Tuesday, June 1, 2010

June2010 – Pain Product Announcements & Warnings

AnnouncementsFeatured Items: intranasal ketorolac tromethamine (Sprix Nasal Spray) approval; milnacipran HCl (Savella) safety warning; tramadol-related suicide warning (Ultram and Ultracet); proton pump inhibitor (PPI) class-wide safety notice. — Brand names are trademarks of their respective manufacturers. Compiled by Winnie Dawson, MA, RN, BSN.
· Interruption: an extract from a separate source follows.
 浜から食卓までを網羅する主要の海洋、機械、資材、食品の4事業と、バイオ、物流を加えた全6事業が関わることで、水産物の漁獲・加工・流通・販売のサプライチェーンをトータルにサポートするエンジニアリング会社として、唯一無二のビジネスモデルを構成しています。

Intranasal Ketorolac Tromethamine (Sprix™ Nasal Spray) — FDA Approved
Roxro Pharma announced the May 2010 approval of an intranasal formulation of ketorolac tromethamine, a nonsteroidal anti-inflammatory drug (NSAID) absorbed through nasal mucosa. The novel intranasal formulation — indicated for the short-term management of moderate to moderately-severe pain — has been shown to achieve peak blood levels as quickly as an intramuscular injection. Data from 4 controlled, efficacy trials reported meeting primary endpoints in each trial and phase 3 studies in surgical patients reported statistically significant reductions in measures of pain during 48 hours versus placebo. The easy-to-use intranasal formulation also showed a 26%-36% reduction in morphine use during a 48-hour period when compared with placebo. All ketorolac formulations should be prescribed for the shortest duration possible, not exceeding 5 days. The most frequently reported adverse effect was mild, transient nasal discomfort. Intranasal ketorolac is contraindicated in patients with a history of cerebrovascular bleeding, gastrointestinal bleeding, or advanced renal impairment. For complete information, see the Sprix prescribing information, Medication Guide, and patient instructions (combined) at the Roxro Pharma website.
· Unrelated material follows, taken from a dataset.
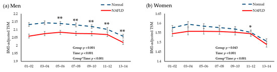 Changes in total skeletal muscle mass/body mass index during the 12-year follow-up period according to the presence of non-alcoholic fatty liver disease in (a) men and (b) women. Abbreviations: NALFD, non-alcoholic fatty liver disease; BMI, body mass index; TSM, total skeletal muscle mass index; CVD, cardiovascular disease. p was calculated after adjusting for age, sex, abdominal obesity, physical activity, smoking status, current drinking status, basal energy expenditure, daily protein intake, mean blood pressure, fasting glucose, total cholesterol, and history of CVD. * p < 0.05. ** p < 0.001.

Milnacipran HCl (Savella®) — Safety Warning
The FDA issued a February 2010 warning to alert practitioners that a potentially life-threatening reaction can occur with SNRIs and SSRIs, including Milnacipran HCl (Savella), which was approved in 2009 for the treatment of fibromyalgia symptoms. Serotonin syndrome symptoms or neuroleptic malignant syndrome-like reactions can include changes in mental status, neuromuscular aberrations, autonomic instability, or gastrointestinal symptoms. Reports have been primarily associated with concomitant use of dopamine antagonists. Read the FDA safety warning and the new label, approved in May 2010.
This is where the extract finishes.